* _PROBLEM DESCRIPTION_
For this exercise, repeat exactly the lines below starting at the line holding "AMAN GARH | |||" and ending at the line holding "尺寸適中,適合嬌小個子的後背", both included, with no extra lines and no pictures.

-------- RECORDS TO USE

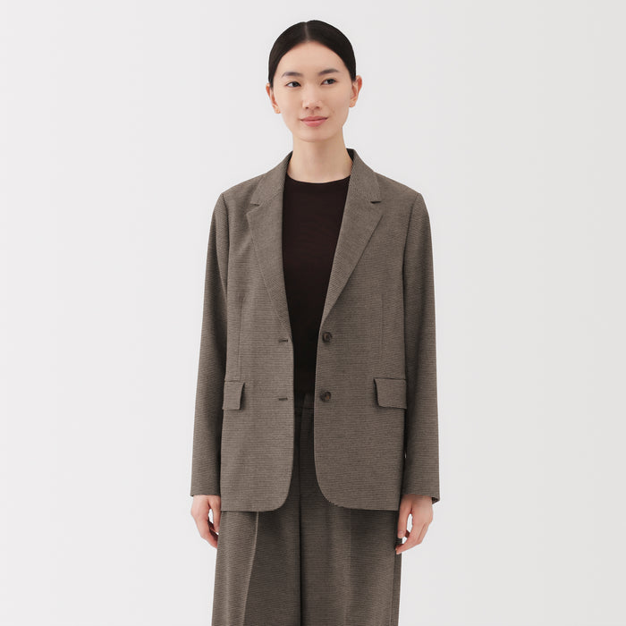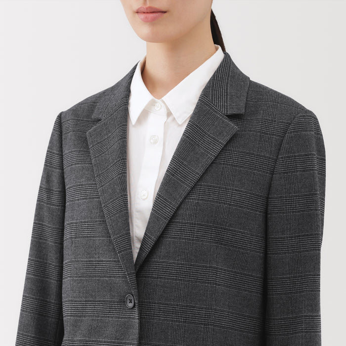 This jacket is made from a wool blend and brushed for extra softness and warmth, with a loose-fit silhouette that can easily be layered. The tailored cut elevates your look, offering sophistication and formality great for business casual occasions.
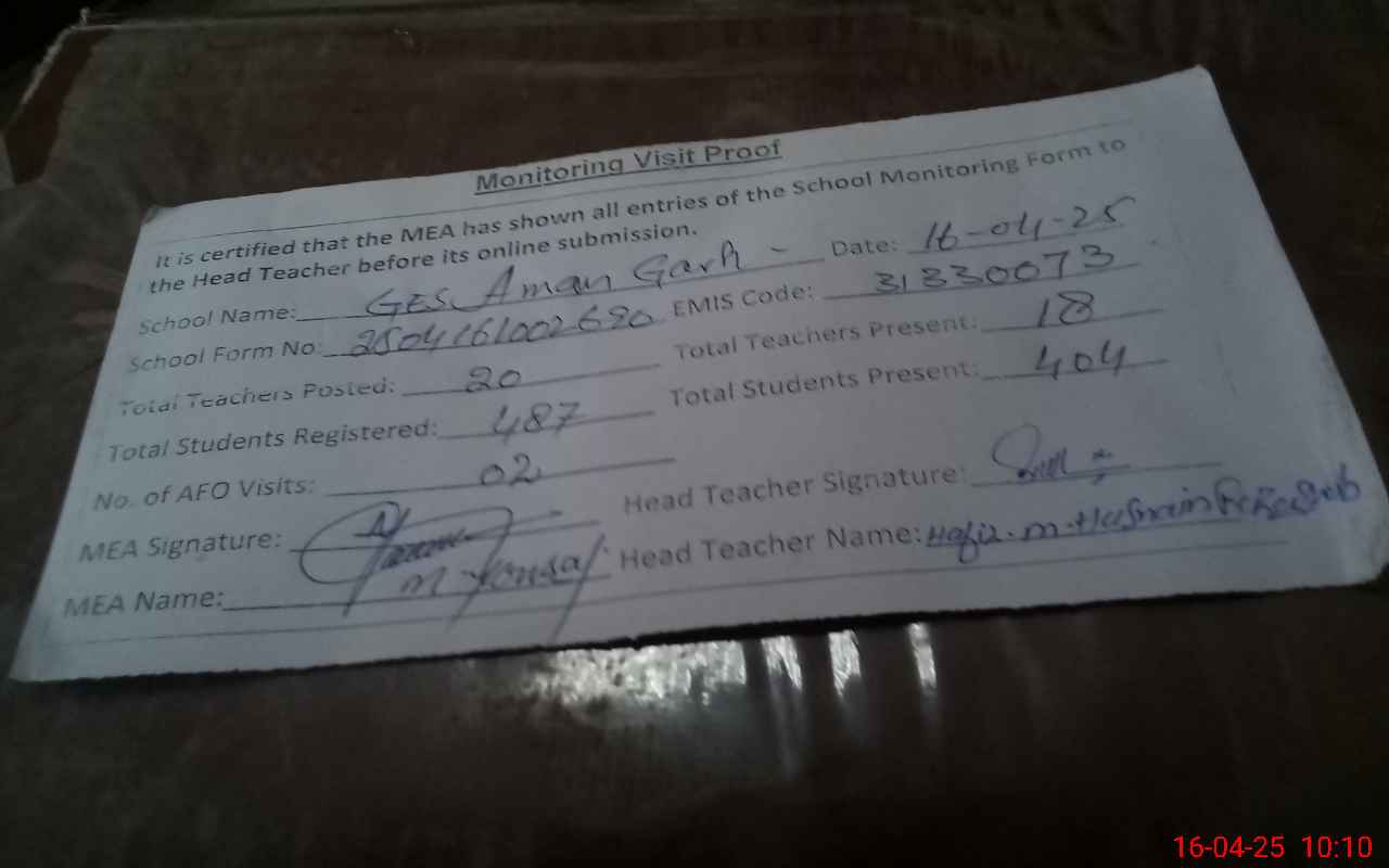 | EMIS Code: 31330073 | Name of School: GES AMAN GARH | |||
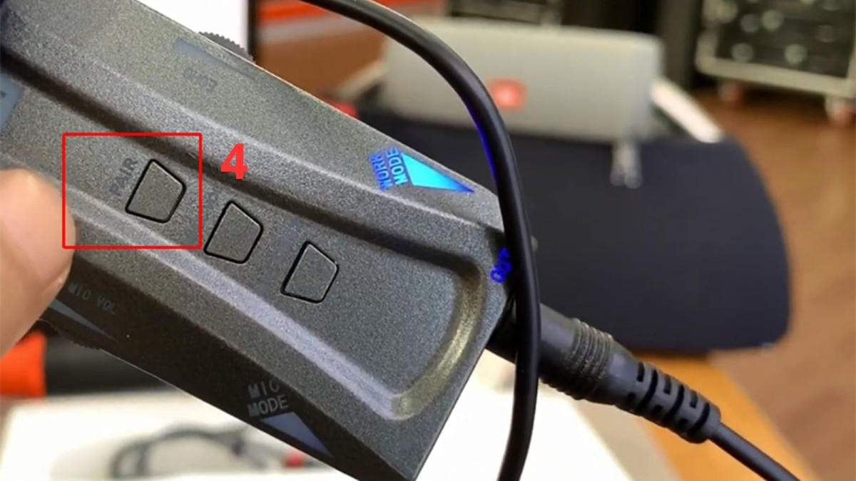 - Bước 4: Pair micro cầm tay với bộ thu (tự động hoặc theo hướng dẫn của micro), bật nhạc và hát.
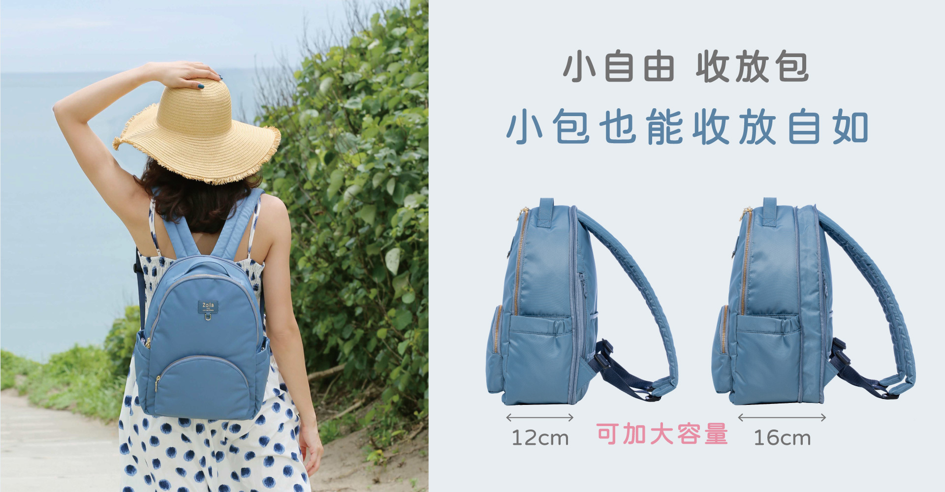 尺寸適中,適合嬌小個子的後背包。多了以備不時之需的加大功能,讓小包也能變身大容量
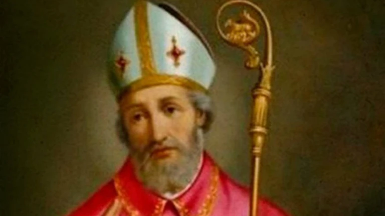 Iconografía: Se le representa con casulla roja, mitra y Báculo.
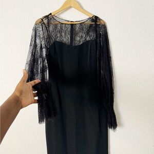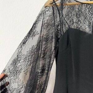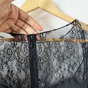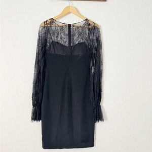 Marchesa Notte Black Silk Sheer Lace Yoke Detail Shift Dress
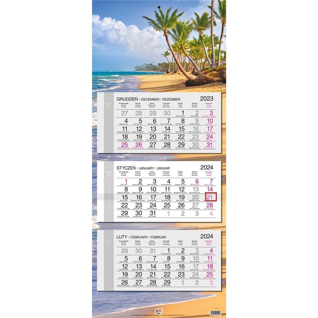Kalendarz ścienny, trójdzielny z główką płaską z zadrukiem na całych pleckach.Wymiary: 33,5 x 79,4 cm.Układ miesięczny z poprzednim i następnym miesiącem.Posiada numerację tygodni, imieniny.Nazwy miesięcy i dni tygodnia w języku polskim, angielskim, niemieckim.Kalendaria w różnych kolorach do...
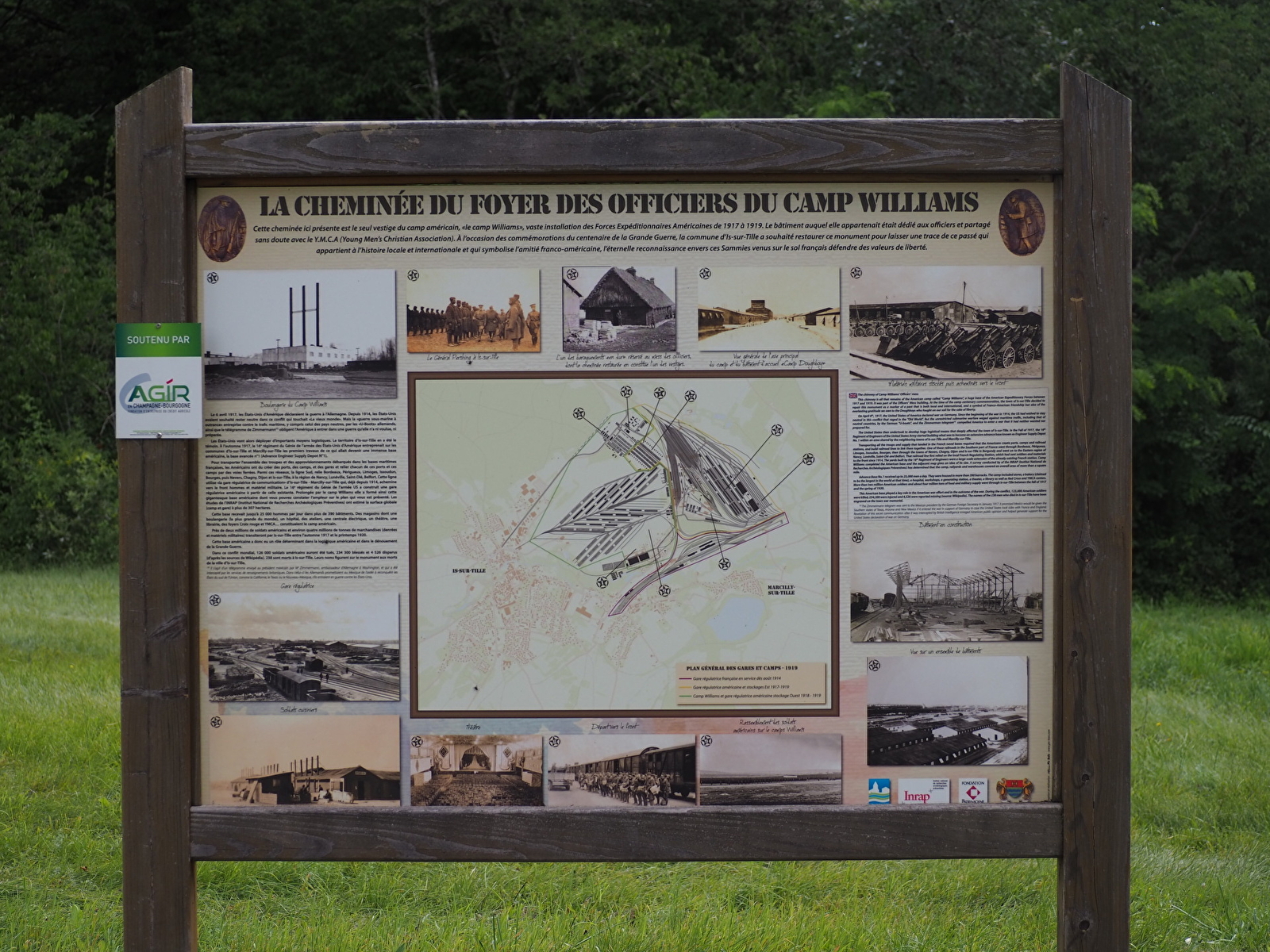 Each American soldier who landed had 10 tonnes of equipment, which had consequences for the camp's organisation. Weapons, military clothing and food were sent on demand to the American regulating station at Is-sur-Tille from the storage buildings. The management of the forward depots was handled by the American Engineers. The engineers began construction of the camp in September 1917 and it was completed in March 1918. The camp covered almost 300 hectares and included warehouses along 13km of narrow gauge track and 95km of normal track. A bakery was also used to feed all the American soldiers: its production capacity was 365 tonnes of bread per day. A power station with two 500 kW turbines provided the energy. In Is-sur-Tille, we can see vestiges reminding us of the American presence of the soldiers on the territory: the restored chimney (vestige of the officers' hostel building) and the tanks located on a hillside near the RD 959. To commemorate the presence of the American army a stele has been erected in the industrial zone.
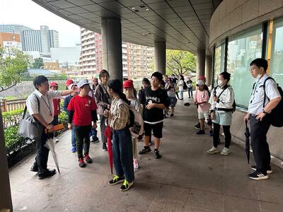 ・午後です。小雨の中の班別自主研修は、博物館、西郷隆盛像、メルヘン館、黎明館をまわりました。活動班は3校で編成していますが、みんな仲良くできていました。
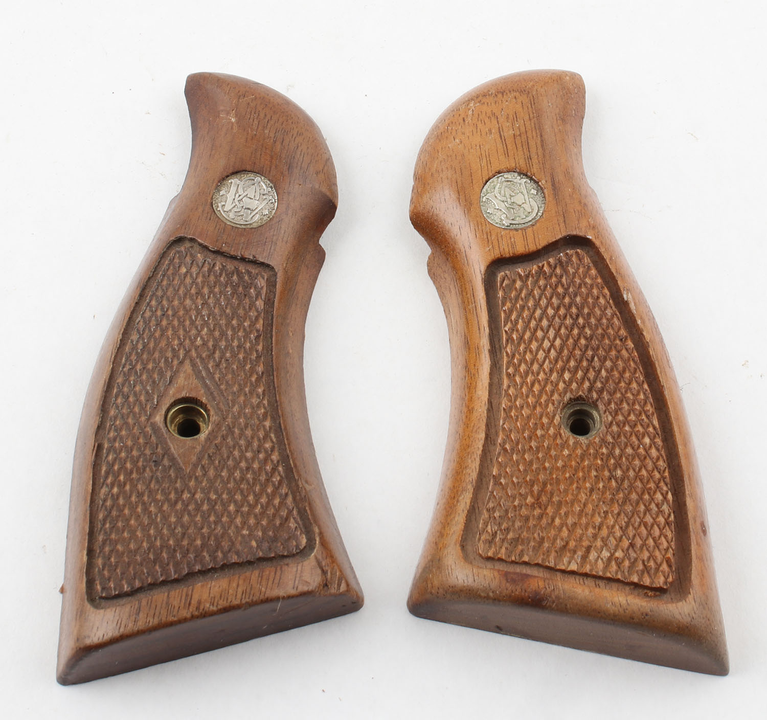 S&W Checkered wood pistol Grips. Grade: Excellent - Value: 20 to 100

----------------

* _SOLUTION FOR THIS EXERCISE_
 | EMIS Code: 31330073 | Name of School: GES AMAN GARH | |||
 - Bước 4: Pair micro cầm tay với bộ thu (tự động hoặc theo hướng dẫn của micro), bật nhạc và hát.
 尺寸適中,適合嬌小個子的後背包。多了以備不時之需的加大功能,讓小包也能變身大容量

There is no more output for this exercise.